- _About this task_
Repeat the full listing below verbatim and keep the images out.

- _Supplied information_
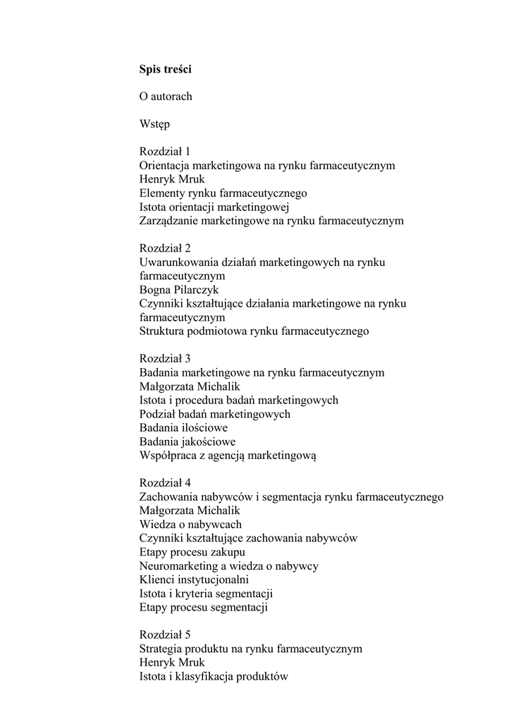 Spis treści O autorach Wstęp Rozdział 1 Orientacja marketingowa na rynku farmaceutycznym Henryk Mruk Elementy rynku farmaceutycznego Istota orientacji marketingowej Zarządzanie marketingowe na rynku farmaceutycznym Rozdział 2 Uwarunkowania działań marketingowych na rynku farmaceutycznym Bogna Pilarczyk Czynniki kształtujące działania marketingowe na rynku farmaceutycznym Struktura podmiotowa rynku farmaceutycznego Rozdział 3 Badania marketingowe na rynku farmaceutycznym Małgorzata Michalik Istota i procedura badań marketingowych Podział badań marketingowych Badania ilościowe Badania jakościowe Współpraca z agencją marketingową Rozdział 4 Zachowania nabywców i segmentacja rynku farmaceutycznego Małgorzata Michalik Wiedza o nabywcach Czynniki kształtujące zachowania nabywców Etapy procesu zakupu Neuromarketing a wiedza o nabywcy Klienci instytucjonalni Istota i kryteria segmentacji Etapy procesu segmentacji Rozdział 5 Strategia produktu na rynku farmaceutycznym Henryk Mruk Istota i klasyfikacja produktów Cykl życia produktu Zarządzanie portfelem produktów Wprowadzanie nowego produktu na rynek Błędy i bariery we wprowadzaniu nowego produktu Rola opakowania Rozdział 6 Zarządzanie marką Henryk Mruk Istota marki Marka a segmentacja i proces decyzyjny Strategie marek Pozycjonowanie marki Wartość marki i jej wycena Rozdział 7 Strategie cen i marż na rynku farmaceutycznym Henryk Mruk Cena w koncepcji marketingu mix Metody ustalania cen Strategie cenowe Ceny w świetle ekonomii behawioralnej Opusty cenowe Elastyczność cenowa popytu Marże handlowe Rozdział 8 Procesy dystrybucji na rynku farmaceutycznym Bogna Pilarczyk Istota i rodzaje kanałów dystrybucji Funkcjonowanie hurtu farmaceutycznego Pozaapteczny kanał dystrybucji leków Rozdział 9 Rola apteki na rynku farmaceutycznym Małgorzata Michalik Apteka partnerem dla producenta Wizerunek i tożsamość apteki Merchandising apteczny Usługi dodatkowe w aptece Standardy obsługi pacjenta w aptece Rozdział 10 Strategia komunikacji masowej na rynku farmaceutycznym Bogna Pilarczyk Istota komunikacji marketingowej Reklama na rynku farmaceutycznym Promocja sprzedaży na rynku farmaceutycznym Działania public relations na rynku farmaceutycznym Rozdział 11 Komunikacja indywidualna jako element marketingu mix Małgorzata Michalik Promocja osobista Promocja bezpośrednia E-pharmamarketing - nowoczesne formy komunikacji marketingowej Programy lojalnościowe Budowanie zaufania i tworzenie kultury organizacyjnej zespołu Rozdział 12 Strategie marketingowe i proces ich tworzenia na rynku farmaceutycznym Henryk Mruk, Bogna Pilarczyk Istota i proces tworzenia strategii Rodzaje strategii marketingowych Bibliografia Indeks ISBN: 978-83-264-3447-1
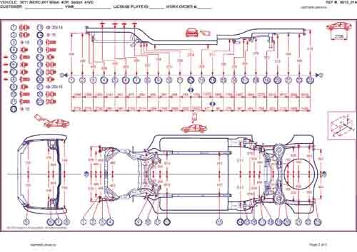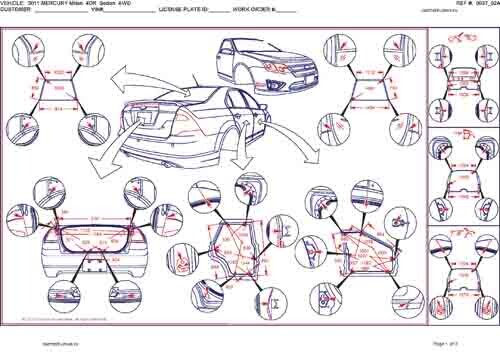 - Геометрические размеры кузова MERCURY Milan 2009-2011, как проекционные, так и непосредственного измерения, в том числе диагональные размеры проемов кузова и контрольные точки для восстановления геометрии кузова.
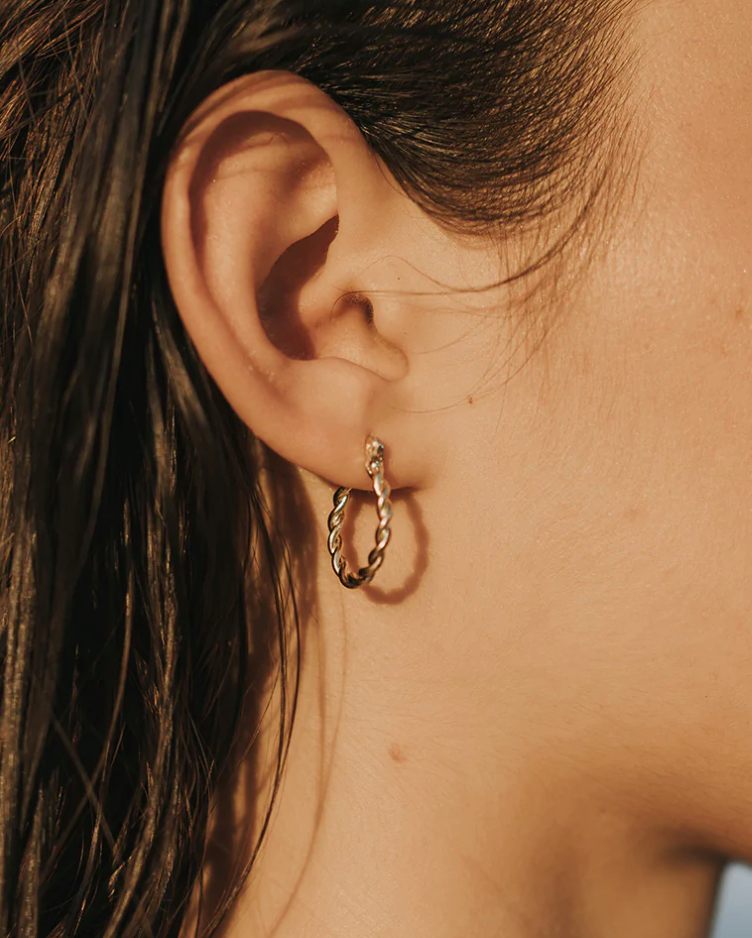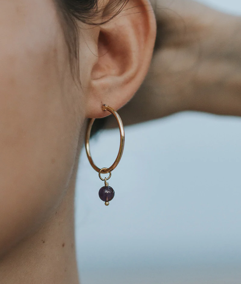 This ethically handcrafted set of 2 dainty, gold finish hoop earrings feature timeless designs. This duo, featuring a simple braided hoop and amethyst bead drop can be worn alone or together to showcase an effortless, minimalist look.
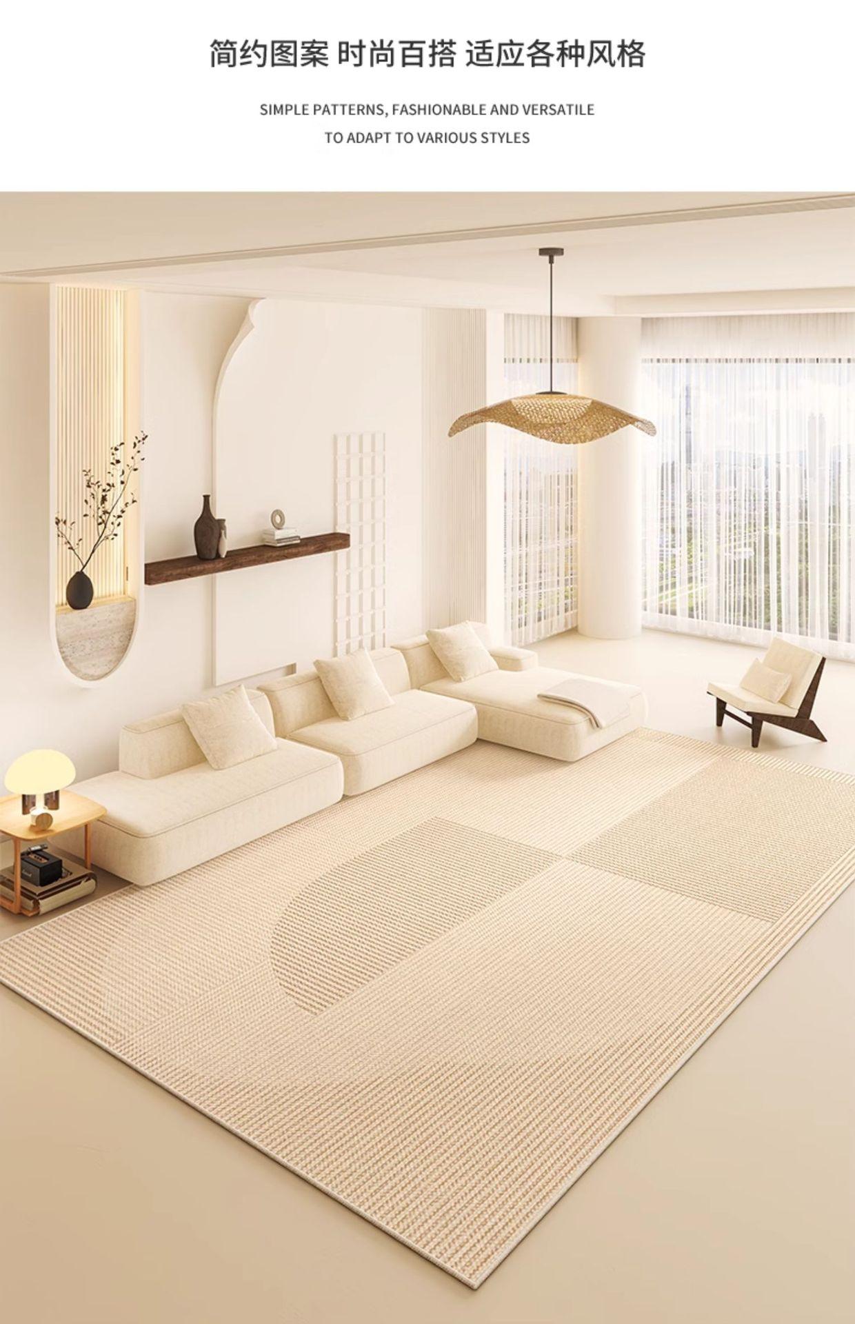 Alfombra color crema para sala de estar, de lujo, ligera, avanzada, para el hogar, antideslizante, borrable, para sofá, mesa de centro, alfombra para dormitorio, mesita de noche

- _Response_
 Spis treści O autorach Wstęp Rozdział 1 Orientacja marketingowa na rynku farmaceutycznym Henryk Mruk Elementy rynku farmaceutycznego Istota orientacji marketingowej Zarządzanie marketingowe na rynku farmaceutycznym Rozdział 2 Uwarunkowania działań marketingowych na rynku farmaceutycznym Bogna Pilarczyk Czynniki kształtujące działania marketingowe na rynku farmaceutycznym Struktura podmiotowa rynku farmaceutycznego Rozdział 3 Badania marketingowe na rynku farmaceutycznym Małgorzata Michalik Istota i procedura badań marketingowych Podział badań marketingowych Badania ilościowe Badania jakościowe Współpraca z agencją marketingową Rozdział 4 Zachowania nabywców i segmentacja rynku farmaceutycznego Małgorzata Michalik Wiedza o nabywcach Czynniki kształtujące zachowania nabywców Etapy procesu zakupu Neuromarketing a wiedza o nabywcy Klienci instytucjonalni Istota i kryteria segmentacji Etapy procesu segmentacji Rozdział 5 Strategia produktu na rynku farmaceutycznym Henryk Mruk Istota i klasyfikacja produktów Cykl życia produktu Zarządzanie portfelem produktów Wprowadzanie nowego produktu na rynek Błędy i bariery we wprowadzaniu nowego produktu Rola opakowania Rozdział 6 Zarządzanie marką Henryk Mruk Istota marki Marka a segmentacja i proces decyzyjny Strategie marek Pozycjonowanie marki Wartość marki i jej wycena Rozdział 7 Strategie cen i marż na rynku farmaceutycznym Henryk Mruk Cena w koncepcji marketingu mix Metody ustalania cen Strategie cenowe Ceny w świetle ekonomii behawioralnej Opusty cenowe Elastyczność cenowa popytu Marże handlowe Rozdział 8 Procesy dystrybucji na rynku farmaceutycznym Bogna Pilarczyk Istota i rodzaje kanałów dystrybucji Funkcjonowanie hurtu farmaceutycznego Pozaapteczny kanał dystrybucji leków Rozdział 9 Rola apteki na rynku farmaceutycznym Małgorzata Michalik Apteka partnerem dla producenta Wizerunek i tożsamość apteki Merchandising apteczny Usługi dodatkowe w aptece Standardy obsługi pacjenta w aptece Rozdział 10 Strategia komunikacji masowej na rynku farmaceutycznym Bogna Pilarczyk Istota komunikacji marketingowej Reklama na rynku farmaceutycznym Promocja sprzedaży na rynku farmaceutycznym Działania public relations na rynku farmaceutycznym Rozdział 11 Komunikacja indywidualna jako element marketingu mix Małgorzata Michalik Promocja osobista Promocja bezpośrednia E-pharmamarketing - nowoczesne formy komunikacji marketingowej Programy lojalnościowe Budowanie zaufania i tworzenie kultury organizacyjnej zespołu Rozdział 12 Strategie marketingowe i proces ich tworzenia na rynku farmaceutycznym Henryk Mruk, Bogna Pilarczyk Istota i proces tworzenia strategii Rodzaje strategii marketingowych Bibliografia Indeks ISBN: 978-83-264-3447-1
 - Геометрические размеры кузова MERCURY Milan 2009-2011, как проекционные, так и непосредственного измерения, в том числе диагональные размеры проемов кузова и контрольные точки для восстановления геометрии кузова.
 This ethically handcrafted set of 2 dainty, gold finish hoop earrings feature timeless designs. This duo, featuring a simple braided hoop and amethyst bead drop can be worn alone or together to showcase an effortless, minimalist look.
 Alfombra color crema para sala de estar, de lujo, ligera, avanzada, para el hogar, antideslizante, borrable, para sofá, mesa de centro, alfombra para dormitorio, mesita de noche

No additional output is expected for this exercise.